-- What to work on --
The answer must consist solely of the lines from the start of the records through the line containing "г. Долгопрудный Стеллаж.", restated word for word, with no pictures.

-- Working data --
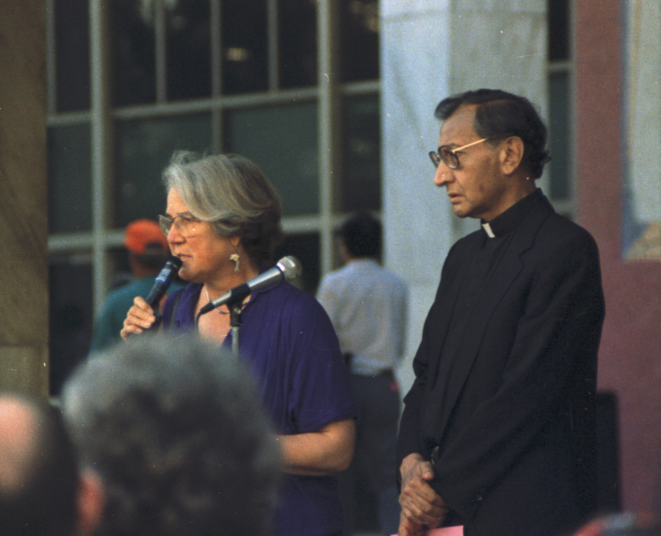Emerson Unitarian Universalist Church member Carroll Trumbull, and UUSC staffer Fiona Knox in front of the Federal Building,
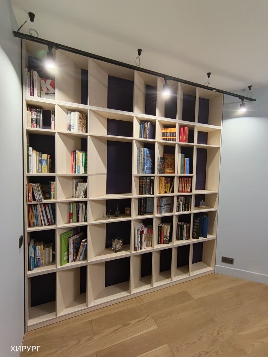 г. Долгопрудный Стеллаж. Материал: Березовая фанера 15 мм. Отделка: Белая морилка. Вертикальные панели под углом 48 градусов. Проверка каждой стороны стеллажа на устойчивость.
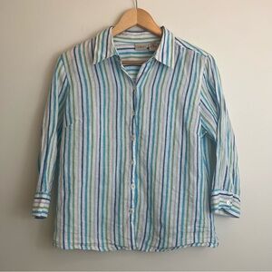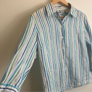 LL Bean Women’s Blue/White/Green Striped 100% Linen Shirt- Sz M Beach Summer
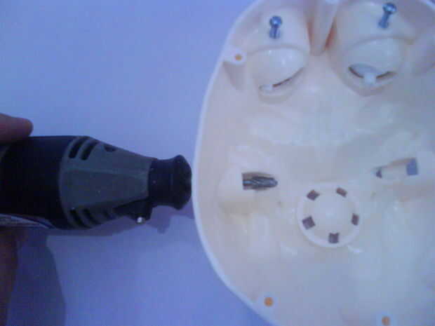 El cable para la mandíbula se hizo siguiendo los pasos de la figura. Colocando la mandíbula en su lugar se encontró que la mordedura no era buena. Por lo tanto, usé un taladro para arreglarlo. Hecho esto, los dientes ajuste derecho junto.
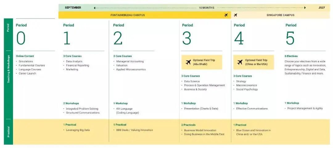 INSEAD 的MIM項目總共14-16個月,課程時長10個月,包含5個階段,每個階段有8周的課程。
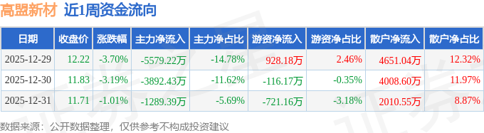 资金流向数据方面,本周高盟新材主力资金合计净流出1.08亿元,游资资金合计净流入90.85万元,散户资金合计净流入1.07亿元。本周资金流向一览见下表:
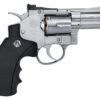 Corpo em metal niquelado com municiamento através da inserção de esferas de aço nas réplicas de cápsulas (uma esfera por cápsula).
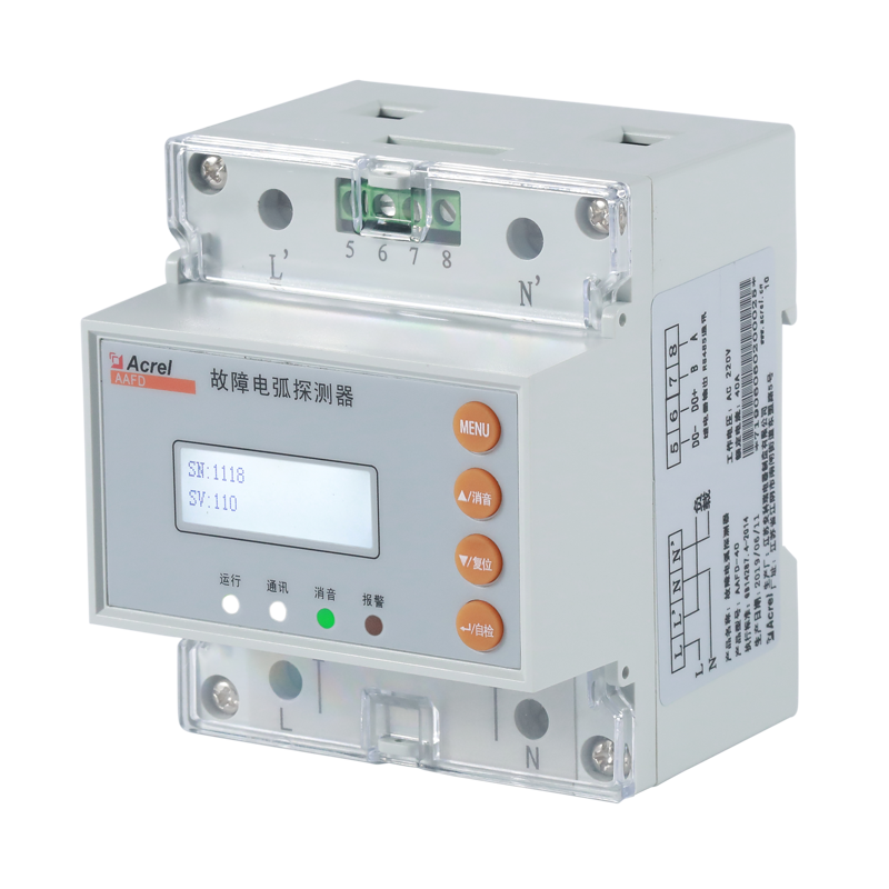 故障電弧探測器(以下簡稱探測器)對接入線路中的故障電弧(包括故障并聯電弧、故障串聯電弧)進行有效的檢測,當檢測到線路中存在引起火災的故障電弧時,可以進行現場的聲光報警,并將報警信息傳輸給上端監控設備,以實現預警火災發生的目的。
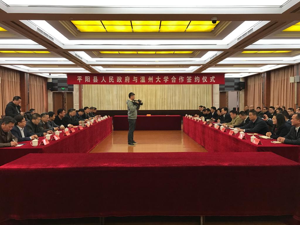 2017年12月21日,成人网 与平阳县人民政府在平阳县政府礼堂举行校地合作签约仪式,成人网 校长李校堃,副校长薛伟、钱强,平阳县县长陈永光、副县长卢成杭、高晓静及双方有关部门负责人出席、温州欧利特机械设备有限公司总经理林国强出席签约仪式。平阳县副县长卢成杭主持仪式。
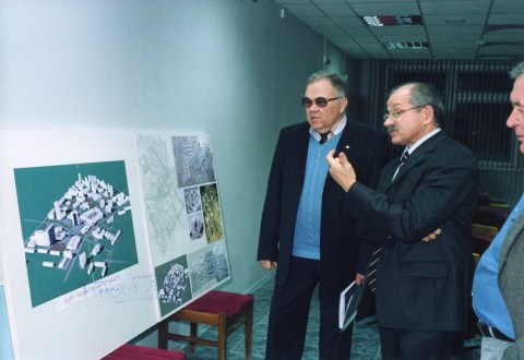 Н.Л. Добрецов, Г.А. Сапожников, Ю.Л. Ершов обсуждают перспективный план развития Академгородка и Технопарка.
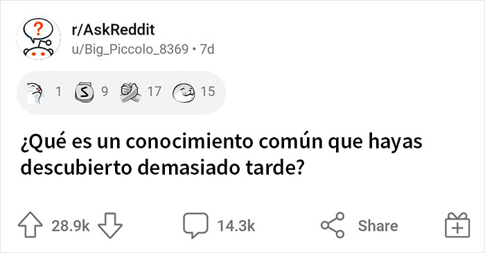 Para demostrarte que todos tenemos nuestros momentos, Bored Panda echa un vistazo a una discusión en Reddit, iniciada por el usuario Big_Piccolo_8369, en la que la gente ha ido revelando qué cosas descubrieron vergonzosamente tarde en la vida. Desde la conservación de las verduras hasta la toma de decisiones cuando estás cachondo, ¡sigue desplazándote y mira algunas de las entradas más populares!
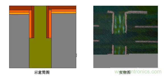 5.圖電孔無銅:斷口處圖電層未將板電層包住―――圖電層與板電層厚度均勻,斷口處齊斷;圖電層呈拉尖趨勢直至消失,板電層超過圖電層繼續(xù)延伸一段距離再行斷開。
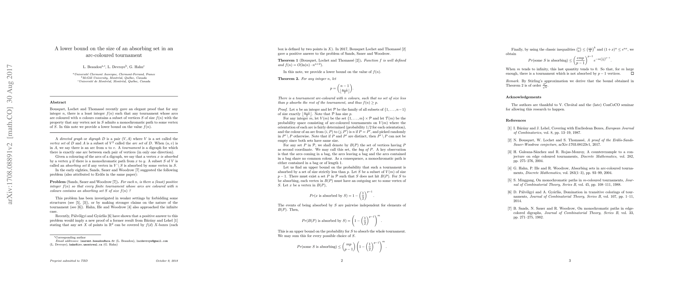 This research paper presents a lower bound for the size of an absorbing set in an arc-coloured tournament, improving upon previous work by Bousquet, Lochet, and Thomassé. The study focuses on tournaments with coloured arcs, identifying a minimum subset of vertices necessary to ensure a monochromatic path to any vertex outside the subset.
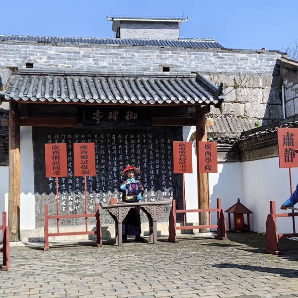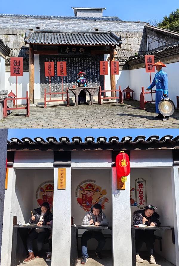 3、门票不便宜,但有免费讲解,最好能跟着景区导游,不然主体建筑参观不给散客进去,只能跟着团队进去,里面有陈列展览,不能拍照,参观结束后,有体验拓福字,带走需要成本费10元,但也没有强迫一定要消费,自愿原则,我认为没有太大必要。贡院书画展,字画可以出售,根据个人喜好选择购买,价格偏高,不太值得。最后参加举人考试,答题还是挺好玩的。讲解过程带有销售性质,不太受游客喜欢。
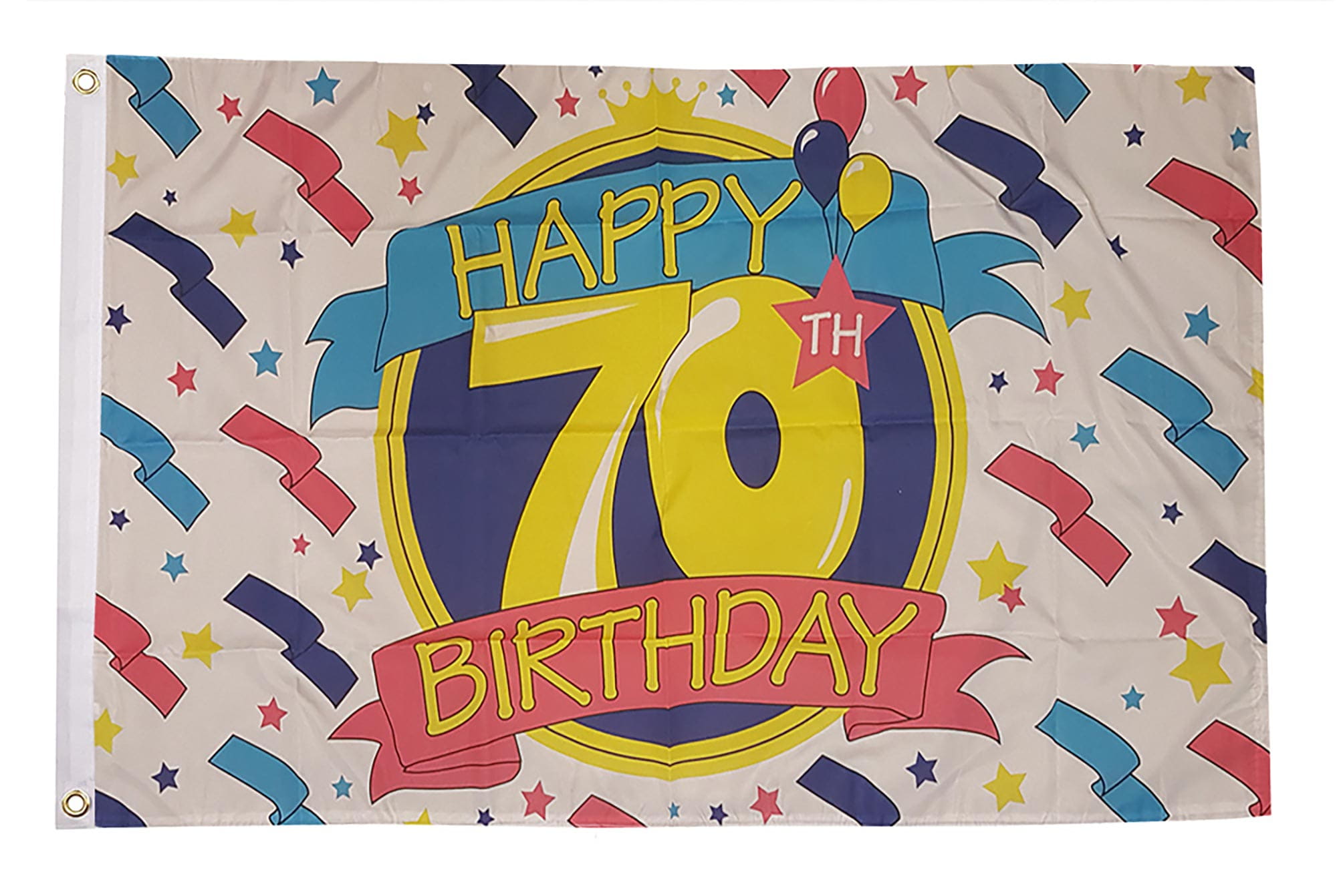 The Happy 70th Birthday Flag features bold, celebratory text and festive accents such as balloons, confetti, and stars, making it the perfect decoration to honor this important milestone in life.
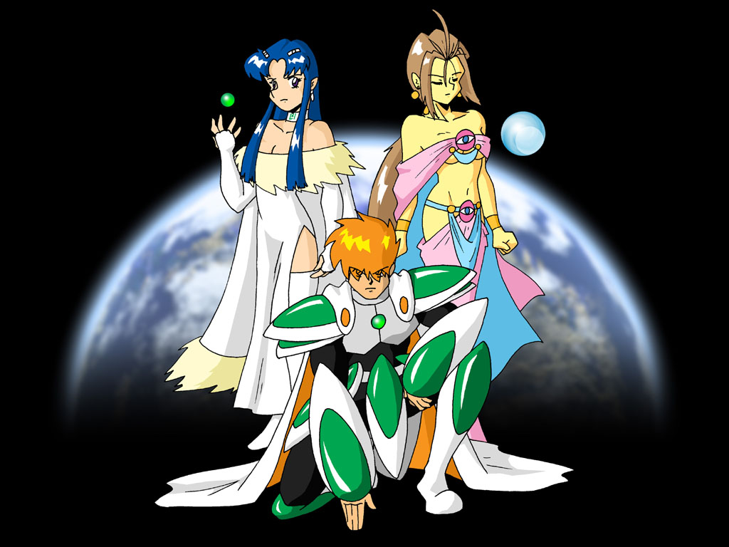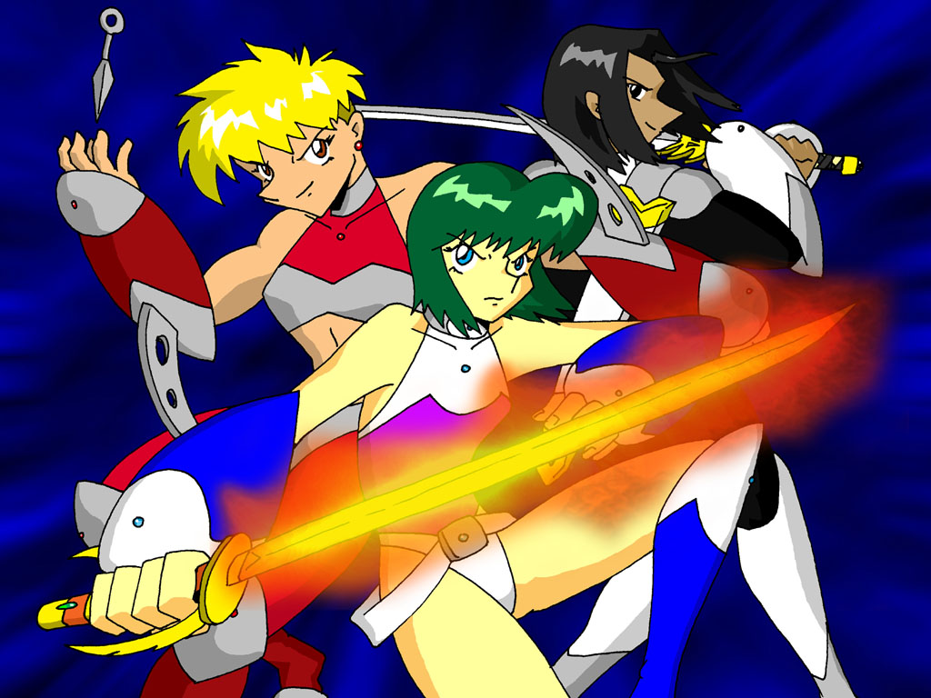 Metal Pose. Naoko, Mariko, and Yun, the three Demons, ready for battle.
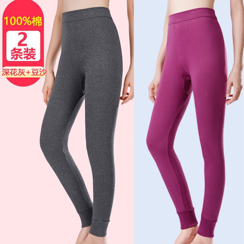 恒源祥秋裤女薄款纯棉中老年保暖裤女士宽松棉毛裤单件中高腰 XL175 豆沙红+深花灰两条装
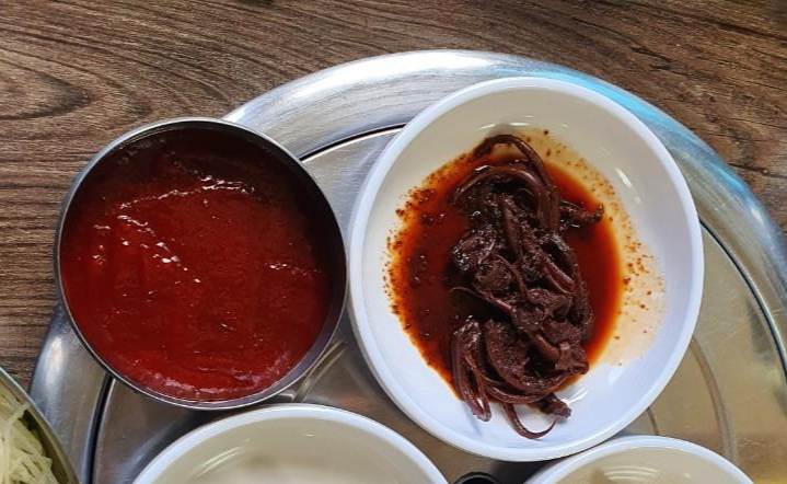 특이하게 고추장이 나왔습니다. 고추장으로 뭐할까 생각했는데 쓰임이 따로있더라구요. 고추장 옆에 나온 반찬은 오징어 절임인것 같은데 특이하고 맛있었습니다.
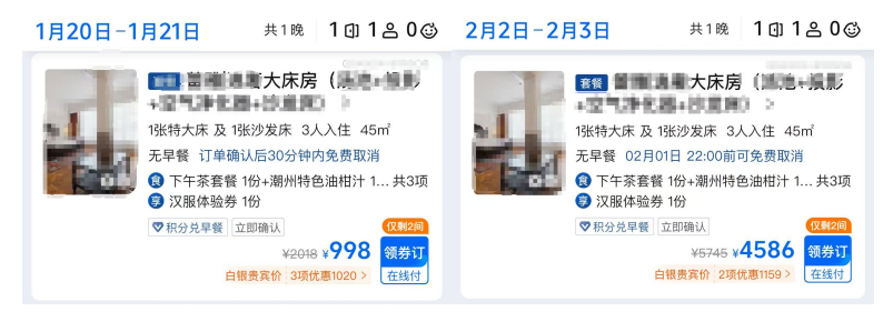 潮州某民宿的“XX大床房”,1月20日的入住价钱为998元,2月2日(大年头五)的入住价钱为4586元。
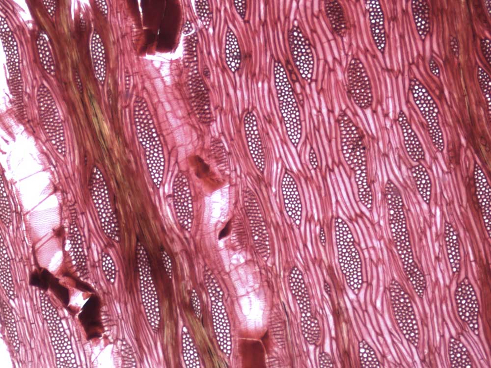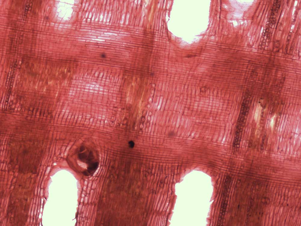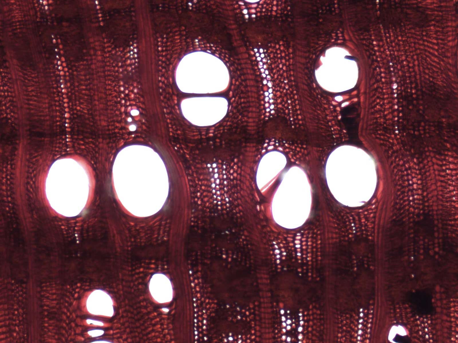 Anillos de crecimiento poco demarcados o demarcados (dependiendo de la especie), con porosidad de circular a difusa, poros solitarios y múltiples a veces agrupados, sin disposición especial, vasos taponados con contenidos en el duramen, con placas de perforación simples. Parénquima axial muy abundante de tipo vasicéntrico, confluente y en bandas anchas. Las series parénquimáticas son de 2 o fusiformes. Radios leñosos multiseriados (de 4 y 3) a veces biseriados, homogéneos. Sin estructura estratificada. Fibras de paredes gruesas, de tipo libriformes. Abundantes cristales en series longitudinales.

-- Exercise answer --
Emerson Unitarian Universalist Church member Carroll Trumbull, and UUSC staffer Fiona Knox in front of the Federal Building,
 г. Долгопрудный Стеллаж. Материал: Березовая фанера 15 мм. Отделка: Белая морилка. Вертикальные панели под углом 48 градусов. Проверка каждой стороны стеллажа на устойчивость.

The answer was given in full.